例如，如果已设置某些 Weights，但引擎以组合权重的方式进行了优化，则组合中任何未提供的 Weights 都被认为是缺失的。

参数

size	可以安全写入非空 layerNames 或 roles 的项目数。
layerNames	写入层名称的位置。
roles	写入权重角色的位置。

返回值: 缺失 Weights 的数量。

如果 layerNames!=nullptr，则每个写入的指针都指向被重拟合的引擎拥有的字符串，并且在引擎销毁时变为无效。

◆ getMissingWeights()

int32_t nvinfer1::IRefitter::getMissingWeights	(	int32_t	size,
		char const **	weightsNames
	)

inlinenoexcept

获取缺失权重的名称。

例如，如果已设置某些 Weights，但引擎以组合权重的方式进行了优化，则组合中任何未提供的 Weights 都被认为是缺失的。

参数

size	可以安全写入的权重名称的数量。
weightsNames	要更新的权重的名称，或用于未命名权重的 nullptr。

返回值: 缺失 Weights 的数量。

如果 layerNames!=nullptr，则每个写入的指针都指向被重拟合的引擎拥有的字符串，并且在引擎销毁时变为无效。

◆ getNamedWeights()

Weights nvinfer1::IRefitter::getNamedWeights ( char const * weightsName ) const

inlinenoexcept

获取与给定名称关联的权重。

参数

weightsName 要重拟合的权重的名称。

返回值: 与给定名称关联的 Weights。

如果从未设置权重，则返回空权重并将错误报告给 refitter errorRecorder。

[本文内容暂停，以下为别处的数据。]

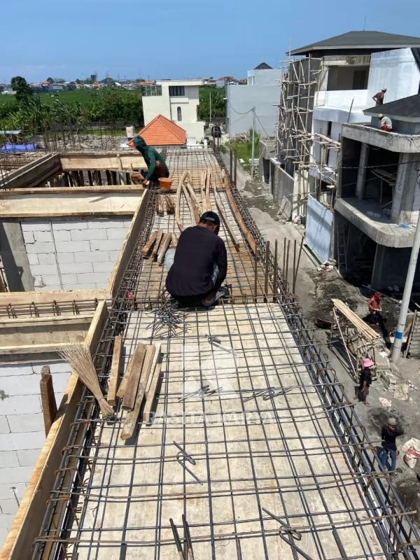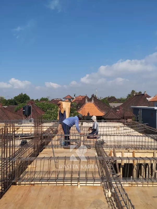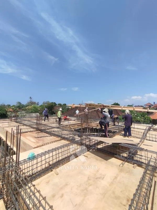 Pembangunan Villa M di Seminyak Kuta: begisting balok dak, ulat besi pelat atap, instalasi pipa listrik #seminyak #jasabangunvilla

警告: 字符串 weightsName 必须以 null 结尾，并且包括终止符在内最多为 4096 字节。

◆ getTensorsWithDynamicRange()

TRT_DEPRECATED int32_t nvinfer1::IRefitter::getTensorsWithDynamicRange	(	int32_t	size,
		char const **	tensorNames
	)		const

inlinenoexcept

获取所有具有可重拟合动态范围的张量的名称。

参数

size	可以安全写入非空 tensorNames 的项目数。
tensorNames	写入层名称的位置。

返回值: 可以重拟合的 Weights 的数量。

如果 tensorNames!=nullptr，则每个写入的指针都指向被重拟合的引擎拥有的字符串，并且在引擎销毁时变为无效。

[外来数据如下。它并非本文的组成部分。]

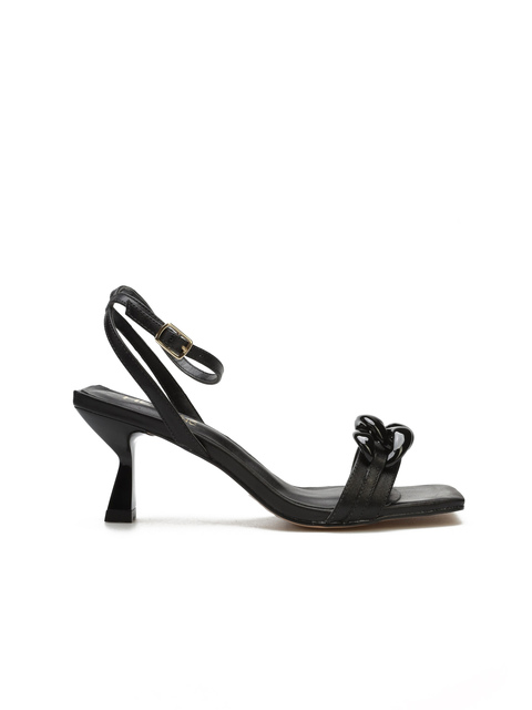 Na upalne letnie dni polecamy eleganckie i szykowne sandały na efektownym obcasie. Wysoki obcas wysmukli nogę i całą sylwetkę a skórzana wkładka i cholewka zapewnią maksymalny komfort użytkowania. Ozdoba w kształcie łańcucha i kwadratowy nosek to topowe trendy sezonu. Klasyczne, eleganckie i piękne. Na co dzień i na wielkie wyjścia. W tych sandałach zadasz szyku! Skusisz się?

已弃用: 在 TensorRT 10.1 中已弃用。被显式量化取代。

◆ getWeightsLocation()

TensorLocation nvinfer1::IRefitter::getWeightsLocation ( char const * weightsName ) const

inlinenoexcept

获取与给定名称关联的权重的 location。

参数

weightsName 要重拟合的权重的名称。

返回值: 与给定名称关联的权重的 Location。

如果从未设置权重，则返回 TensorLocation::kHOST 并将错误报告给 refitter errorRecorder。

警告: 字符串 weightsName 必须以 null 结尾，并且包括终止符在内最多为 4096 字节。

◆ getWeightsPrototype()

Weights nvinfer1::IRefitter::getWeightsPrototype ( char const * weightsName ) const

inlinenoexcept

获取与给定名称关联的 Weights 原型。

参数

weightsName 要重拟合的权重的名称。

返回值: 与给定名称关联的 Weights 原型。

权重原型的类型和计数与用于引擎构建的权重相同。对于权重原型，values 属性为 nullptr。当权重名称为 nullptr 或与任何可重拟合权重不对应时，权重原型的计数为 -1。

警告: 字符串 weightsName 必须以 null 结尾，并且包括终止符在内最多为 4096 字节。

◆ getWeightsValidation()

bool nvinfer1::IRefitter::getWeightsValidation ( ) const

inlinenoexcept

获取在重拟合期间是否验证权重值。

◆ refitCudaEngine()

bool nvinfer1::IRefitter::refitCudaEngine ( )

inlinenoexcept

重拟合关联的引擎。

返回值: 成功时为 True，如果新权重验证失败或调用前 getMissingWeights() != 0 则为 false。如果返回 false，则可能已重拟合部分权重。

如果引擎有待处理的排队工作，则行为未定义。CPU 或 GPU 上提供的权重可以在 refitCudaEngine 返回后取消设置并释放，或更新。

与引擎关联的 IExecutionContexts 在之后仍然有效使用。无需为多次重拟合调用重复设置相同的权重，因为可以直接更新权重内存。

◆ refitCudaEngineAsync()

bool nvinfer1::IRefitter::refitCudaEngineAsync ( cudaStream_t stream )

inlinenoexcept

在给定流上排队关联引擎的权重重拟合。

参数

stream 用于排队权重更新任务的流。

返回值: 成功时为 True，如果新权重验证失败或调用前 getMissingWeights() != 0 则为 false。如果返回 false，则可能已重拟合部分权重。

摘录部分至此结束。